### What to work on
Give the entries again exactly; drop the pictures.

[Records drawn from a dataset]
▬▬▬▬▬▬▬▬▬▬

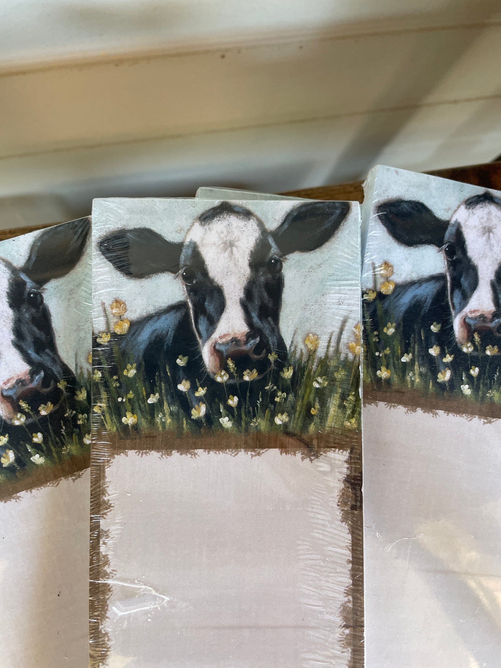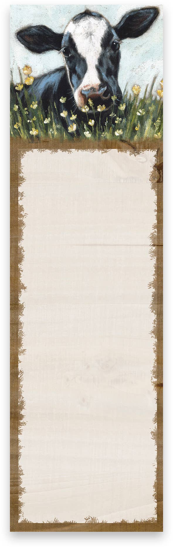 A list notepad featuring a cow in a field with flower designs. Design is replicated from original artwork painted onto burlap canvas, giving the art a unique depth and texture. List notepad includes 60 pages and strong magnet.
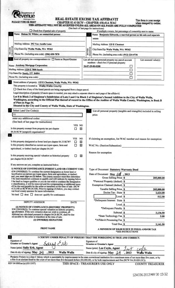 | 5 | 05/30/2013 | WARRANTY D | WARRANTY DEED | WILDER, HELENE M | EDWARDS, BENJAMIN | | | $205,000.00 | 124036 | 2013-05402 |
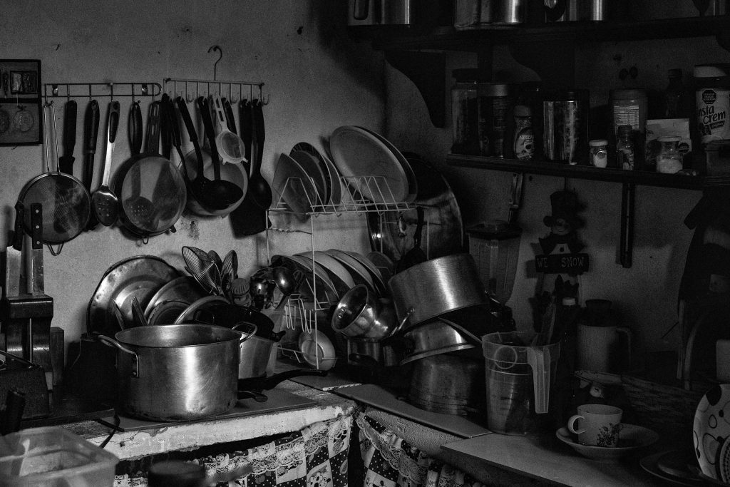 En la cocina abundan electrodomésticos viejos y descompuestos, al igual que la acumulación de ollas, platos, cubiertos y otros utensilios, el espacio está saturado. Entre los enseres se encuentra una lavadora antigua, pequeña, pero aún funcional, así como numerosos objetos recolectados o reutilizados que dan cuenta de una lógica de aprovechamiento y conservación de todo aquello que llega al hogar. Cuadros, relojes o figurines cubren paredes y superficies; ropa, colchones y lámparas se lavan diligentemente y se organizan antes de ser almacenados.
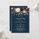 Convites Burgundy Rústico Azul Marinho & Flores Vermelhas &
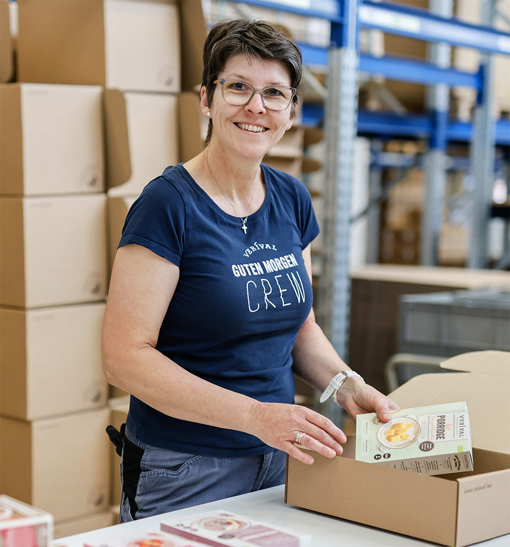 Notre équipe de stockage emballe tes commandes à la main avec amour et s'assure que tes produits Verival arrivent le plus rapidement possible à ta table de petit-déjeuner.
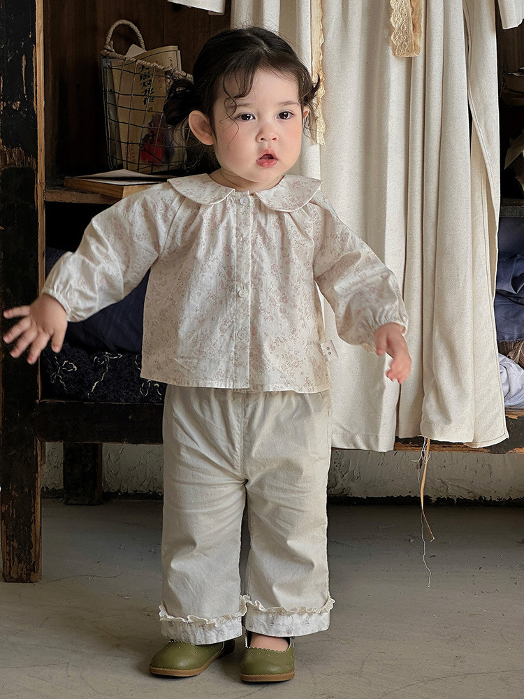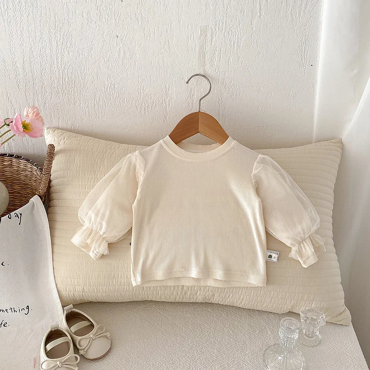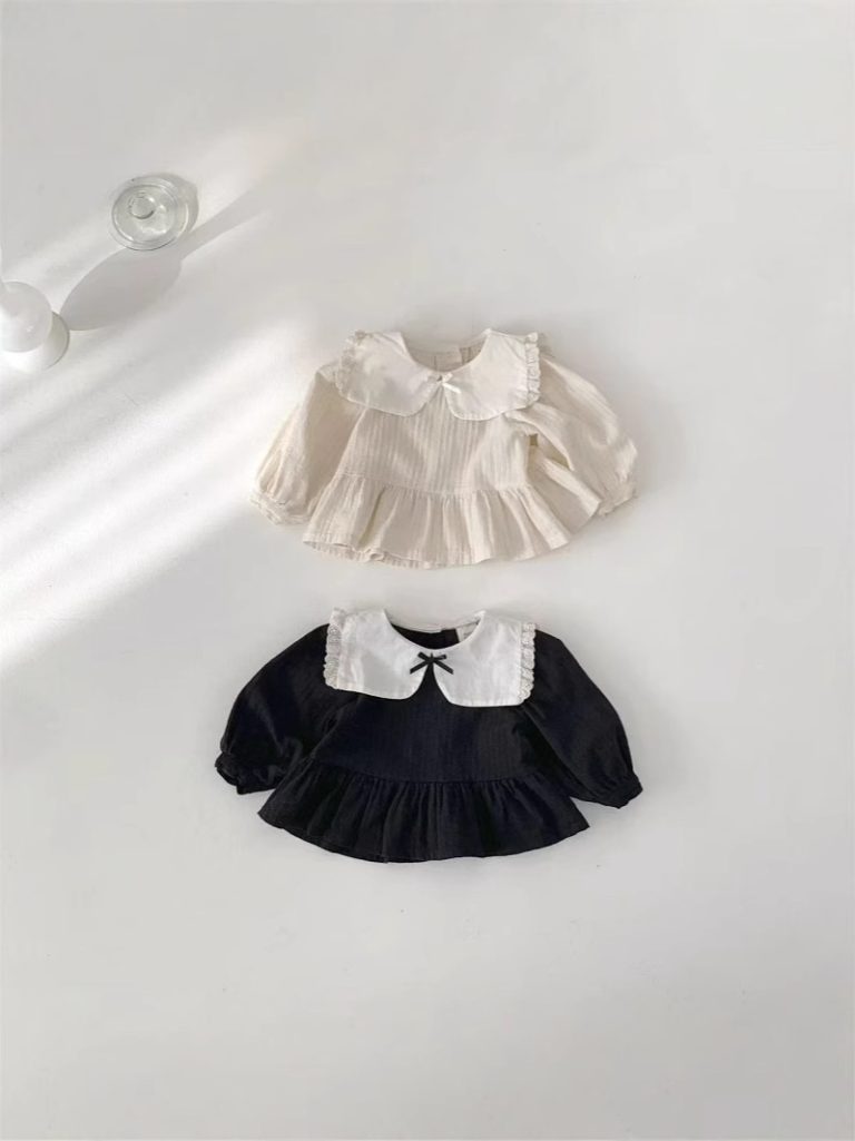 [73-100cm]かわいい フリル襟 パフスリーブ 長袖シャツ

▬▬▬▬▬▬▬▬▬▬

### Problem solution
 A list notepad featuring a cow in a field with flower designs. Design is replicated from original artwork painted onto burlap canvas, giving the art a unique depth and texture. List notepad includes 60 pages and strong magnet.
 | 5 | 05/30/2013 | WARRANTY D | WARRANTY DEED | WILDER, HELENE M | EDWARDS, BENJAMIN | | | $205,000.00 | 124036 | 2013-05402 |
 En la cocina abundan electrodomésticos viejos y descompuestos, al igual que la acumulación de ollas, platos, cubiertos y otros utensilios, el espacio está saturado. Entre los enseres se encuentra una lavadora antigua, pequeña, pero aún funcional, así como numerosos objetos recolectados o reutilizados que dan cuenta de una lógica de aprovechamiento y conservación de todo aquello que llega al hogar. Cuadros, relojes o figurines cubren paredes y superficies; ropa, colchones y lámparas se lavan diligentemente y se organizan antes de ser almacenados.
 Convites Burgundy Rústico Azul Marinho & Flores Vermelhas &
 Notre équipe de stockage emballe tes commandes à la main avec amour et s'assure que tes produits Verival arrivent le plus rapidement possible à ta table de petit-déjeuner.
 [73-100cm]かわいい フリル襟 パフスリーブ 長袖シャツ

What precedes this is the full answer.